# Exercise brief
Once the pictures are removed, restate the data below word for word.

Data excerpts:
-- Opening Marker --

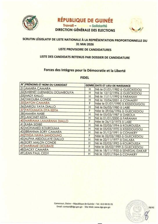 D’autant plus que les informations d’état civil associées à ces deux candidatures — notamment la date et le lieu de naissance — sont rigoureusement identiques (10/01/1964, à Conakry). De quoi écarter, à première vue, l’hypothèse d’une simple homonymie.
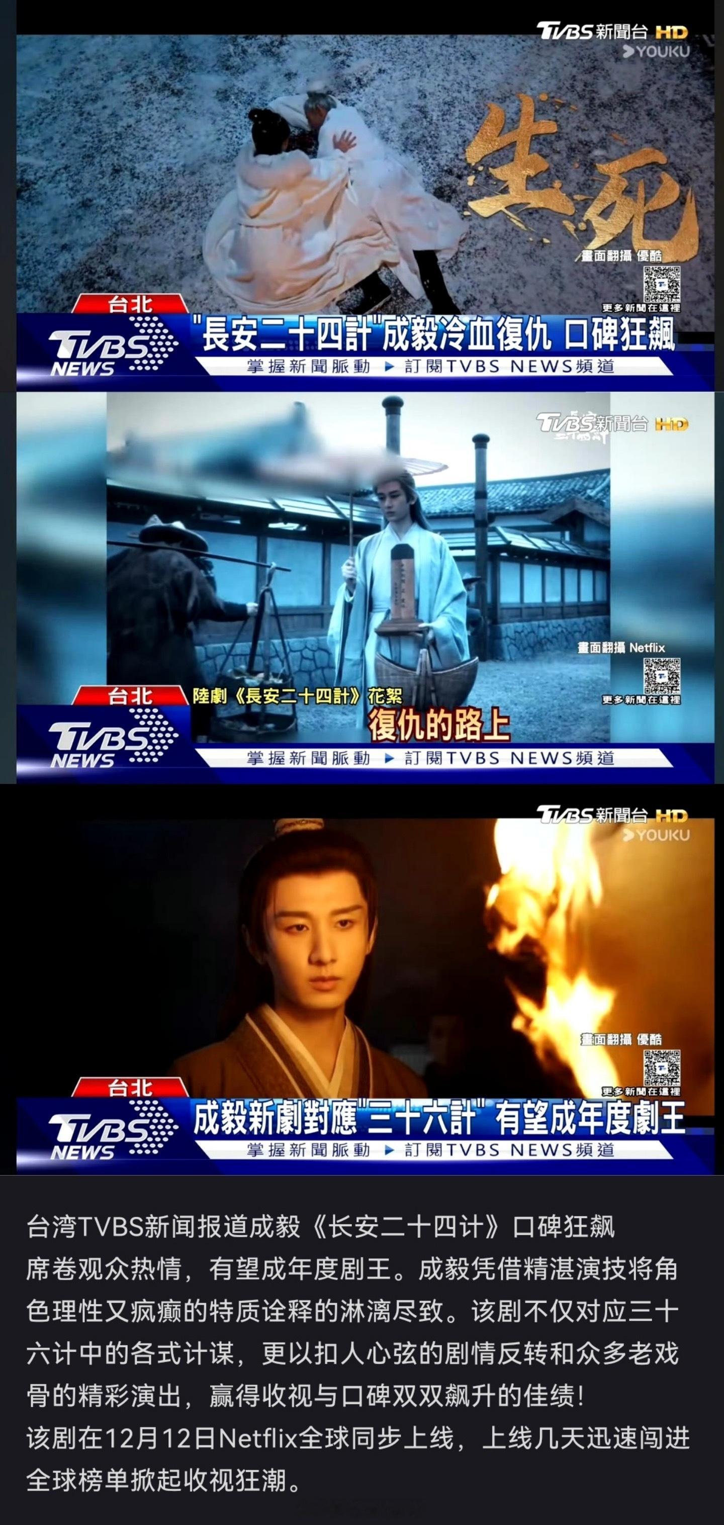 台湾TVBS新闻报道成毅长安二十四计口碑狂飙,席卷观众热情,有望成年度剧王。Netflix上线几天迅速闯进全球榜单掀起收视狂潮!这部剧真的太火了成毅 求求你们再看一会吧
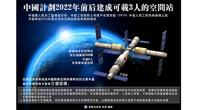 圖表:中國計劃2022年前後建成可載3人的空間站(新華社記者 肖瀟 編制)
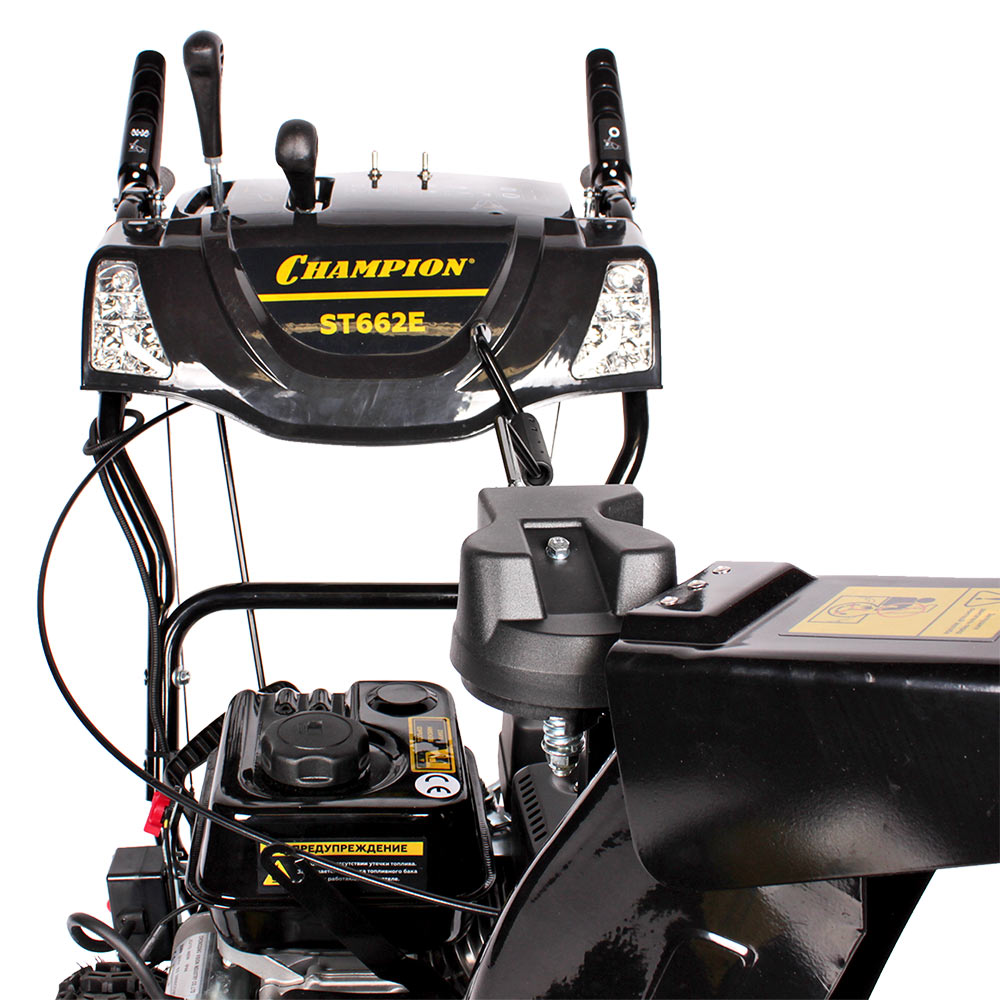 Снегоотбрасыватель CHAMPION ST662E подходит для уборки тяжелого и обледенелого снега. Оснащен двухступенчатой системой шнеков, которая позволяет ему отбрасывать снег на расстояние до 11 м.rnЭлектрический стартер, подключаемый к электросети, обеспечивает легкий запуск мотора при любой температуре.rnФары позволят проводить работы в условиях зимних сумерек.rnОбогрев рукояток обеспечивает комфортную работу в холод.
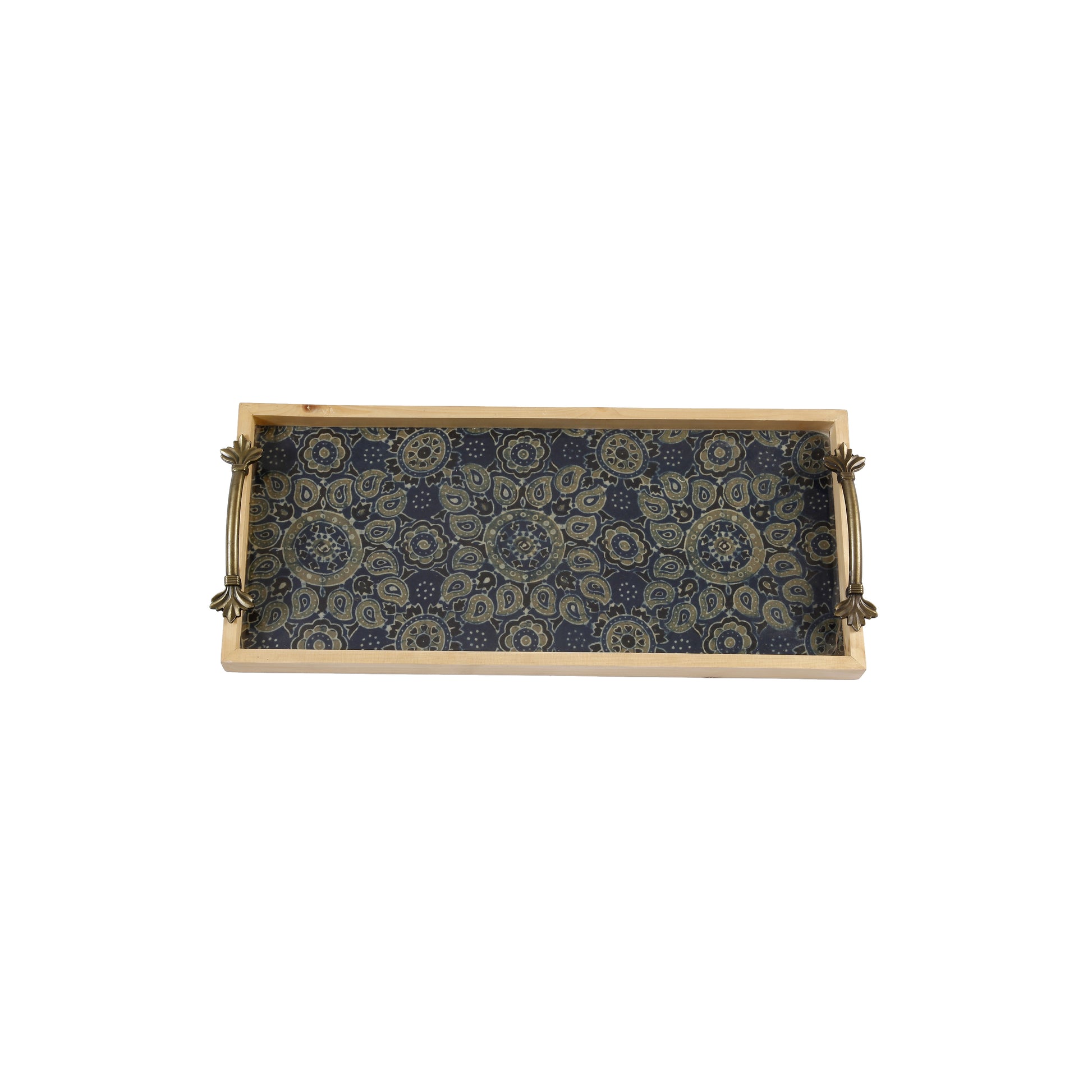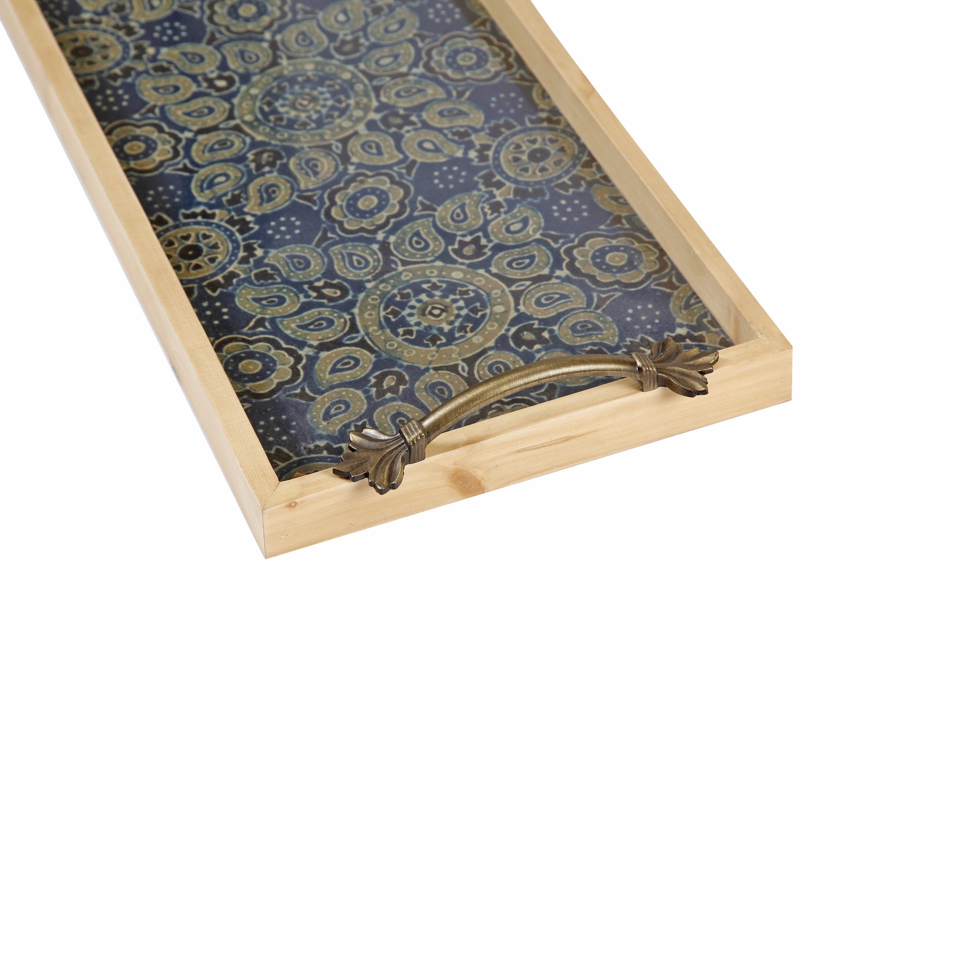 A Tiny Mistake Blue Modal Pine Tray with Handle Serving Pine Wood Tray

-- Closing Marker --

# Finished task
 D’autant plus que les informations d’état civil associées à ces deux candidatures — notamment la date et le lieu de naissance — sont rigoureusement identiques (10/01/1964, à Conakry). De quoi écarter, à première vue, l’hypothèse d’une simple homonymie.
 台湾TVBS新闻报道成毅长安二十四计口碑狂飙,席卷观众热情,有望成年度剧王。Netflix上线几天迅速闯进全球榜单掀起收视狂潮!这部剧真的太火了成毅 求求你们再看一会吧
 圖表:中國計劃2022年前後建成可載3人的空間站(新華社記者 肖瀟 編制)
 Снегоотбрасыватель CHAMPION ST662E подходит для уборки тяжелого и обледенелого снега. Оснащен двухступенчатой системой шнеков, которая позволяет ему отбрасывать снег на расстояние до 11 м.rnЭлектрический стартер, подключаемый к электросети, обеспечивает легкий запуск мотора при любой температуре.rnФары позволят проводить работы в условиях зимних сумерек.rnОбогрев рукояток обеспечивает комфортную работу в холод.
 A Tiny Mistake Blue Modal Pine Tray with Handle Serving Pine Wood Tray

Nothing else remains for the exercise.